Stealing Our Music Bit by Bit

John Bohlinger

How modern digital music formats are literally removing content from our songs


Premier Guitar March 2010

By virtue of the fact that you’re reading this, you fall into a very specific demographic: music geek. Have you ever wondered why music means so much to us? Why do we spend countless hours listening to music, playing music, buying gear—essentially chasing the dragon of a music addiction? Sure, you’ve read those moronic interviews with rockers who claim, “I started playing guitar to get girls,” but these flippant clichés ring false; she doth protest too much. We play guitar because of the way music makes us feel. We heard The Beatles or Zep or Green Day and wanted to get closer to that feeling, so we picked up the guitar. You can blame our addiction on our limbic system.

The limbic system, one of the oldest parts of our brain, manages our “fight or flight” chemicals. Sound is one of the strongest triggers for the limbic system, moreso than sight. When our primitive ancestors sat in their caves and heard a twig break, their limbic system kicked in, asking “threat or no threat?” assessing the world to insure survival. Through natural selection, those with a more highly developed limbic system lived to breed and pass along those genes to us, their guitar-playing great, great, great, great grandchildren.

In addition to “fight or flight,” the limbic system supports a variety of functions, including emotion, by influencing the endocrine and autonomic nervous systems, which interconnect with the brain’s pleasure center (think sex and recreational drugs). In short, sound can slip through the back door of our brains through the limbic system and stimulate us in a way that sex or drugs would, which explains why sex, drugs and rock ‘n’ roll are so often linked together. When we listen to music, we experience something that affects us on a profound chemical level, straight into our limbic system.

Why does this matter to gear geeks like us? Neurotransmitters only respond after stimulus reaches a certain threshold. For example, the rods in your eyes, which are responsible for seeing shapes, have a lower threshold than the cones, which see color. That’s why when it begins to grow dark you can still make out shapes but can’t recognize color. A friend of mine, Craig Oxford of High Emotion Audio, maintains that there is a threshold of sound quality that stimulates our limbic system: poor-quality sound will be heard but will not give us the emotional response that high-quality sound will. Oxford maintains that the music business has stalled since the heyday of the LP because MP3s do not have the content to stimulate our limbic system. Because an MP3 contains less than 90 percent of the information, our bodies notice even if our ears do not. We hear and even enjoy the lyrics and the melody, but we do not get the high. Although music is more available than ever, people don’t listen to it like they used to, sitting around the old hi-fi for hours, because our bodies are not reacting to this emotionally depleted content. Modern technology gives us an imitation of music while stealing the emotional subtext of music bit by megabit.

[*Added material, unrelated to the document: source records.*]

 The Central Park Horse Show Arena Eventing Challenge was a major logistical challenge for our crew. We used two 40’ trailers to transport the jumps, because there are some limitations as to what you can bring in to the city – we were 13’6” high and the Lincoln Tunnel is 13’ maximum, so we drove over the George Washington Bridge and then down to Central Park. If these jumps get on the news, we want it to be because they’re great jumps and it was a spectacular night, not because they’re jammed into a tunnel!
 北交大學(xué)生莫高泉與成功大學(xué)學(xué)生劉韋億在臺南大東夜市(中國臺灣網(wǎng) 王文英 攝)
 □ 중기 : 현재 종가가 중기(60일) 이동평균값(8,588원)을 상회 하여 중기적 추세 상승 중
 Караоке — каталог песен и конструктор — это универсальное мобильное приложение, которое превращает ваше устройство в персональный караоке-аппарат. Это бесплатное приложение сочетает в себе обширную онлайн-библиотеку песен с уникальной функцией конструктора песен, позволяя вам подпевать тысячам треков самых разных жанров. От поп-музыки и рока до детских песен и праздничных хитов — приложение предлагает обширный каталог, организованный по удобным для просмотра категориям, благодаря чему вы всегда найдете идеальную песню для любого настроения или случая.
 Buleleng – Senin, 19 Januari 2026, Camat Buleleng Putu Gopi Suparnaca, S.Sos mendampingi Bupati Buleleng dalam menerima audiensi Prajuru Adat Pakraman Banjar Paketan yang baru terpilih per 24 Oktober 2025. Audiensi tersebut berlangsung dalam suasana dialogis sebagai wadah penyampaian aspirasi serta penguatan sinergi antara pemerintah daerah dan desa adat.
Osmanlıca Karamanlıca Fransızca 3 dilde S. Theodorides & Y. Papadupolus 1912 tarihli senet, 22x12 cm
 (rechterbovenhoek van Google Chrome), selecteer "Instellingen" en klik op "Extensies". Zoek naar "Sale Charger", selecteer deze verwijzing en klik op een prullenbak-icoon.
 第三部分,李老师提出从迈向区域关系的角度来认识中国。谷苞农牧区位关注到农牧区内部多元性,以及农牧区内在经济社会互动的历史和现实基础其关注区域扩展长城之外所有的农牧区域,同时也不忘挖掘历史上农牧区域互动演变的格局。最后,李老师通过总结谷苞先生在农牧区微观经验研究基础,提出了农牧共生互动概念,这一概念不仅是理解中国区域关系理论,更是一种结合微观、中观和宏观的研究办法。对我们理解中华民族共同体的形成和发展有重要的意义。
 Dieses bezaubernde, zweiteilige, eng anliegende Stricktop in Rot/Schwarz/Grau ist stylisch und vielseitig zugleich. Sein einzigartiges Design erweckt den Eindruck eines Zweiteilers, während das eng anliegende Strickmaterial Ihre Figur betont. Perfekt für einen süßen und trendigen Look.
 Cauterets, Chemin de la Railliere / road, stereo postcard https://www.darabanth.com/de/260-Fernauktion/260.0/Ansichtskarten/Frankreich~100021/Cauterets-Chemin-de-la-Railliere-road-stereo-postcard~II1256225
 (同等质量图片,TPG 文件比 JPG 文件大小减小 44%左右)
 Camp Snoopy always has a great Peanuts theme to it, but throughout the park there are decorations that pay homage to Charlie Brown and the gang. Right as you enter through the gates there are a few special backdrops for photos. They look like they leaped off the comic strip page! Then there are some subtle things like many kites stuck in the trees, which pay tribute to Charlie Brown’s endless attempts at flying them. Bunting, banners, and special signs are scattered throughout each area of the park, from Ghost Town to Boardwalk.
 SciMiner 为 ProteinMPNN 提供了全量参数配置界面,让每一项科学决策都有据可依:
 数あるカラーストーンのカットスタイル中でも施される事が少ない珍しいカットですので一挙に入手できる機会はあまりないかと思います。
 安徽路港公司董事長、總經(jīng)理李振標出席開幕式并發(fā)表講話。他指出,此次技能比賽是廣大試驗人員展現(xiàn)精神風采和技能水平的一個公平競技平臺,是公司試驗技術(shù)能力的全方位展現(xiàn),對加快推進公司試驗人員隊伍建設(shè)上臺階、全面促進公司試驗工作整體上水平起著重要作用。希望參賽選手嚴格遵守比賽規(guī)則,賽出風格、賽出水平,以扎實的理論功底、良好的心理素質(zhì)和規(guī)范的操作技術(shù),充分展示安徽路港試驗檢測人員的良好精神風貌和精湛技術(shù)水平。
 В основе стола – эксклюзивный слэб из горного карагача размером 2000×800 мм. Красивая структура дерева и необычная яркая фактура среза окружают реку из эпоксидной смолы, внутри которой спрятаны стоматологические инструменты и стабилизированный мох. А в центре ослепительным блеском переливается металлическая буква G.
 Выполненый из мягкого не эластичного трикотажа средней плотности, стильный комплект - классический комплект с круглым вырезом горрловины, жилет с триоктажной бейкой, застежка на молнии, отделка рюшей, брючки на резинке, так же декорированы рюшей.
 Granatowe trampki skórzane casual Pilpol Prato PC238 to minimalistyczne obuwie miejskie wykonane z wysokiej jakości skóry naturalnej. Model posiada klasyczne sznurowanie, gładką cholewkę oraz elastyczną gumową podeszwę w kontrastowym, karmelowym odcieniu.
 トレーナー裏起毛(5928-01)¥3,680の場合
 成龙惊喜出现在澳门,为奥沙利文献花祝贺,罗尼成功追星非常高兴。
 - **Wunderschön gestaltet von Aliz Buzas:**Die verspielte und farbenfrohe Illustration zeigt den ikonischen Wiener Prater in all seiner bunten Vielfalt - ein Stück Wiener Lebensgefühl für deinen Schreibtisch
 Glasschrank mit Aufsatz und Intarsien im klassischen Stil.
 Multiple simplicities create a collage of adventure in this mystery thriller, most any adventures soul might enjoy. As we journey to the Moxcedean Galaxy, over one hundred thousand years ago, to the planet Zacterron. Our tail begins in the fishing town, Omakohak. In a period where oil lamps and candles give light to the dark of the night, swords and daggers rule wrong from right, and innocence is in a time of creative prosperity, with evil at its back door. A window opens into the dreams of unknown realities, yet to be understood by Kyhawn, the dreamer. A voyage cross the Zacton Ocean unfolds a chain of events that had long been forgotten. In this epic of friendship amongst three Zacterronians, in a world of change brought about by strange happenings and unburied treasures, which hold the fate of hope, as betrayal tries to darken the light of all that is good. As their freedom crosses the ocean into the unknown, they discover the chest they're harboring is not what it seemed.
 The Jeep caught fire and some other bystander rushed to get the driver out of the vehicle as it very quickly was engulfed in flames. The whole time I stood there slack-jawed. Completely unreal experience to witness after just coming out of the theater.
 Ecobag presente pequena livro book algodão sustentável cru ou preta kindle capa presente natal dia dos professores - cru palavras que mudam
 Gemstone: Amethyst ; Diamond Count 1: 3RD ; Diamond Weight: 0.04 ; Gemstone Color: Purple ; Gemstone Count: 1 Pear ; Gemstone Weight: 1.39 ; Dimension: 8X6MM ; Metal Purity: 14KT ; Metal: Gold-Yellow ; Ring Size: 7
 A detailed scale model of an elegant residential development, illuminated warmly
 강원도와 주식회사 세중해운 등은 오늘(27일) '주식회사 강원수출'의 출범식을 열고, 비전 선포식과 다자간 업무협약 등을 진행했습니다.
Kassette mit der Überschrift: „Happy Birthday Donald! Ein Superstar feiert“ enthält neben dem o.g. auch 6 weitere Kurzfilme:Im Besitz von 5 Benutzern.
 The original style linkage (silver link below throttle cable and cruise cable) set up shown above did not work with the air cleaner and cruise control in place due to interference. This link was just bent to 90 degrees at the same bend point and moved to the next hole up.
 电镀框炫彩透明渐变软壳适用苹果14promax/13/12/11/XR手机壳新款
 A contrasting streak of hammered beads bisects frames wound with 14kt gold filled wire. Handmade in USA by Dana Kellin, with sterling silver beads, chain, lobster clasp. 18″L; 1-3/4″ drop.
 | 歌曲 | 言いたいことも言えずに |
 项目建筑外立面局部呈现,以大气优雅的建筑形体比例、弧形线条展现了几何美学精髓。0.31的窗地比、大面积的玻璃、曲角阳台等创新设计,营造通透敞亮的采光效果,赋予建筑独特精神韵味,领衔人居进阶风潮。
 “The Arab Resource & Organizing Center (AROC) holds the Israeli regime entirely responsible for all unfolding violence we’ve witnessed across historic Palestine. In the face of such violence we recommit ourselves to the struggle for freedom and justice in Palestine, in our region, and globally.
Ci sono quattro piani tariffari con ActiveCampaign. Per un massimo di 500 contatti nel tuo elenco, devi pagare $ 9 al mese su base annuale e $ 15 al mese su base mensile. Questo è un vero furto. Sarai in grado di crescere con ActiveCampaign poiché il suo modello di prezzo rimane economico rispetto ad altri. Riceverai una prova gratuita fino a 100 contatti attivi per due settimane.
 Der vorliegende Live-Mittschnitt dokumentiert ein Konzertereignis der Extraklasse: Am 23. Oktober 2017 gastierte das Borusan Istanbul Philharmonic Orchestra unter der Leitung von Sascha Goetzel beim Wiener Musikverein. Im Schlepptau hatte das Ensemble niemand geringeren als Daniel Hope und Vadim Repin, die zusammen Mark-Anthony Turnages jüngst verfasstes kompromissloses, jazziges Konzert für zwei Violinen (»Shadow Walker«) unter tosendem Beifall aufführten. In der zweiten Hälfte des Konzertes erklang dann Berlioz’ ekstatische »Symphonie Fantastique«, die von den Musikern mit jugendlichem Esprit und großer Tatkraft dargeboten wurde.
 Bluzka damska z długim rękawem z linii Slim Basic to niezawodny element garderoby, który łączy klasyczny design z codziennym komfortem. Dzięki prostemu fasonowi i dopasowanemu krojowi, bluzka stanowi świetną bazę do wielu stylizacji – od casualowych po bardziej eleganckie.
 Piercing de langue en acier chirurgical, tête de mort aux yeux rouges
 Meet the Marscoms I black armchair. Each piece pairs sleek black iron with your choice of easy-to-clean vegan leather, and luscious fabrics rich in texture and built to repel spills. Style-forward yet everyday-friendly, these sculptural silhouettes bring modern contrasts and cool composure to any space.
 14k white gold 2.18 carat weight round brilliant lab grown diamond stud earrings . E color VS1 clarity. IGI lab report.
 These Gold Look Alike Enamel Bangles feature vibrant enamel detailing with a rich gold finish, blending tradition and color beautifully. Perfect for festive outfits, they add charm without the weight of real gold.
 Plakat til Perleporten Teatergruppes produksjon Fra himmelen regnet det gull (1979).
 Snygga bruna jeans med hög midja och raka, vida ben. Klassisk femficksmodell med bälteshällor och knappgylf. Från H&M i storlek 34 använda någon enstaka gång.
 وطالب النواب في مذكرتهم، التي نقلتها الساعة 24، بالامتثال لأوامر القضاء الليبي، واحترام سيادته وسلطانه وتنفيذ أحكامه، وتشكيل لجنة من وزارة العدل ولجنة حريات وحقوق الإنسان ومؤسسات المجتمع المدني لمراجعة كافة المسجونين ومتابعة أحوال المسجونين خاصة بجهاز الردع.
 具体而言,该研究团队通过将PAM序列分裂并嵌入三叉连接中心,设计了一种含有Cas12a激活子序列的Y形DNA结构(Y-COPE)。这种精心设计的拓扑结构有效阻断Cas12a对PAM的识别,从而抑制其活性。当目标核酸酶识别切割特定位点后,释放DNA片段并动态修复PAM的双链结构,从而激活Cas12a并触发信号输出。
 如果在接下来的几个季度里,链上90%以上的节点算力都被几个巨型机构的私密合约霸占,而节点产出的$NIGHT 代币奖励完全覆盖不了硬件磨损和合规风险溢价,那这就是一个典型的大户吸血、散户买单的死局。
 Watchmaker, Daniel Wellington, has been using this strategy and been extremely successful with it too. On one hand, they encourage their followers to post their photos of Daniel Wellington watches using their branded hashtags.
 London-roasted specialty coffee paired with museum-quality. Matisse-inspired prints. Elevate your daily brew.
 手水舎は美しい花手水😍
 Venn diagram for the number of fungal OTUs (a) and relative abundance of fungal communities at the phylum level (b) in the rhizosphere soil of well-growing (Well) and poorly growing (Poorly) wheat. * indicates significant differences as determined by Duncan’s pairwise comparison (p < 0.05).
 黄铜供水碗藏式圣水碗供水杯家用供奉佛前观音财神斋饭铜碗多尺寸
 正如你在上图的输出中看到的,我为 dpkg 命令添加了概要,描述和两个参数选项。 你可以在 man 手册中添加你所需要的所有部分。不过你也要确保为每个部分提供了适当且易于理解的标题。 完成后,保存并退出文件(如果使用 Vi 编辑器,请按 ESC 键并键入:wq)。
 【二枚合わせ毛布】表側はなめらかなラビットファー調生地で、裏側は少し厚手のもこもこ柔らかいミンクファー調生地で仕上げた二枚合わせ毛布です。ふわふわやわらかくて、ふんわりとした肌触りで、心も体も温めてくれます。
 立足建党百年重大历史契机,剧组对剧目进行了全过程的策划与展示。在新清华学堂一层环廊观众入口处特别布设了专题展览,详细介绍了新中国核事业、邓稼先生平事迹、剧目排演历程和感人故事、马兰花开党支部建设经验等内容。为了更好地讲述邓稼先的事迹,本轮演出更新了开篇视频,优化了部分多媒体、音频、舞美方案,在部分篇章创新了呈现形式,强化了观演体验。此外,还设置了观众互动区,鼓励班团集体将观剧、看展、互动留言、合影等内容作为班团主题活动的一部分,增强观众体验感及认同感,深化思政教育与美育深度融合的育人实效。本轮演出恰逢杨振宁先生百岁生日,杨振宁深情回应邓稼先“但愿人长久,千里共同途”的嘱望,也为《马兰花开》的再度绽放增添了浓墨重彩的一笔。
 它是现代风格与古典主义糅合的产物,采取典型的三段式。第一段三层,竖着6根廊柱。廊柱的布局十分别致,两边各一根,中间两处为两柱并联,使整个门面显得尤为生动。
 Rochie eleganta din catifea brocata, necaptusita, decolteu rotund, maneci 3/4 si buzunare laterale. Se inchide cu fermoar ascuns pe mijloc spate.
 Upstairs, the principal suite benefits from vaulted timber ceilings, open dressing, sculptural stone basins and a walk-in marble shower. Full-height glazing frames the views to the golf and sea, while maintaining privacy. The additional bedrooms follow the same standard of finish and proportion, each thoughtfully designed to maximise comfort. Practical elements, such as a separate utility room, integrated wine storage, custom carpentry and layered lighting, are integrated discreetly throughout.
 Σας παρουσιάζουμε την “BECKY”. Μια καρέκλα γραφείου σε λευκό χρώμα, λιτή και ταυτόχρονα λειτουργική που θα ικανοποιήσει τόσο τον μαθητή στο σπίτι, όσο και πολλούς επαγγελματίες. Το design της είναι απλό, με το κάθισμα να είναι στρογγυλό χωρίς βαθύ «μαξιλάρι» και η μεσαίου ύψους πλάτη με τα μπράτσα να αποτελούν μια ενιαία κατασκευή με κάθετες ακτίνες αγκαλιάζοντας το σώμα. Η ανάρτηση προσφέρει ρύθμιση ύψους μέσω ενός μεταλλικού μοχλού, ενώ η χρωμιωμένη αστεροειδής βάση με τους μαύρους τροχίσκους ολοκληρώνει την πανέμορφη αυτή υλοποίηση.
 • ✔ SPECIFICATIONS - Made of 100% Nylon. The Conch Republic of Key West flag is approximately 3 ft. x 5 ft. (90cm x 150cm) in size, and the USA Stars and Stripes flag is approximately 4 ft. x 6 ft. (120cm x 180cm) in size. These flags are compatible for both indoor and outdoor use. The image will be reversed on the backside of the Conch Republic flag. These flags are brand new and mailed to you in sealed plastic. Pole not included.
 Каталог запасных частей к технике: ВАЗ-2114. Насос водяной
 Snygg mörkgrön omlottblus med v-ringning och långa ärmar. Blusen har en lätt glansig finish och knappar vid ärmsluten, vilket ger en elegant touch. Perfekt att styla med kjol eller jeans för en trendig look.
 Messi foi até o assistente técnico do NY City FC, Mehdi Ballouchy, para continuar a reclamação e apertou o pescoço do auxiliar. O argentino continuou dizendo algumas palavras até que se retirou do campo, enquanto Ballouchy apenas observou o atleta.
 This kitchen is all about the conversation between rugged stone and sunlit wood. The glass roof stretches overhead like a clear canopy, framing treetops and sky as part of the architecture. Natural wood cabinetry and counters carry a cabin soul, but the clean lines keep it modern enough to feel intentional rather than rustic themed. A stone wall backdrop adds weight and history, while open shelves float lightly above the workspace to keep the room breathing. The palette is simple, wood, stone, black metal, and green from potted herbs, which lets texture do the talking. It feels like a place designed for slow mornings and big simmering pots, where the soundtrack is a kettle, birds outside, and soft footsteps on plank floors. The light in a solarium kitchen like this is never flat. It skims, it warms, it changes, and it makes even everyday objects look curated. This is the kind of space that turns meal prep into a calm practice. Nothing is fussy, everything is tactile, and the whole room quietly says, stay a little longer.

One could argue that part of the phenomenal success of games like Rock Band and Guitar Hero may stem from the fact that players are listening to music at 24 bits rather than 16 bits for CDs, or a tiny fraction of that for MP3s. (an average of 33 megabytes compared to an MP3’s 0.94 megabytes). Guitar Hero I and II have grossed $360 million since the first game came out in 2005, much more than any album released in the same period. Ask Metallica. The word is they much prefer the sound of their work at 24 bits from a game compared to 16 from a CD.

Look at MTV and VH1. They were built solely on music, with the added bonus of a visual stimulus; however, the audience lost the limbic stimulus because of the poor music reproduction of television. Today, these formerly music networks rarely play music videos, because music videos—depleted of the emotional content of music—could not hook their audiences for long periods of time. It’s no surprise that MTV rejoined the music business by purchasing Harmonix, the creator of Guitar Hero, for $175 million in 2006.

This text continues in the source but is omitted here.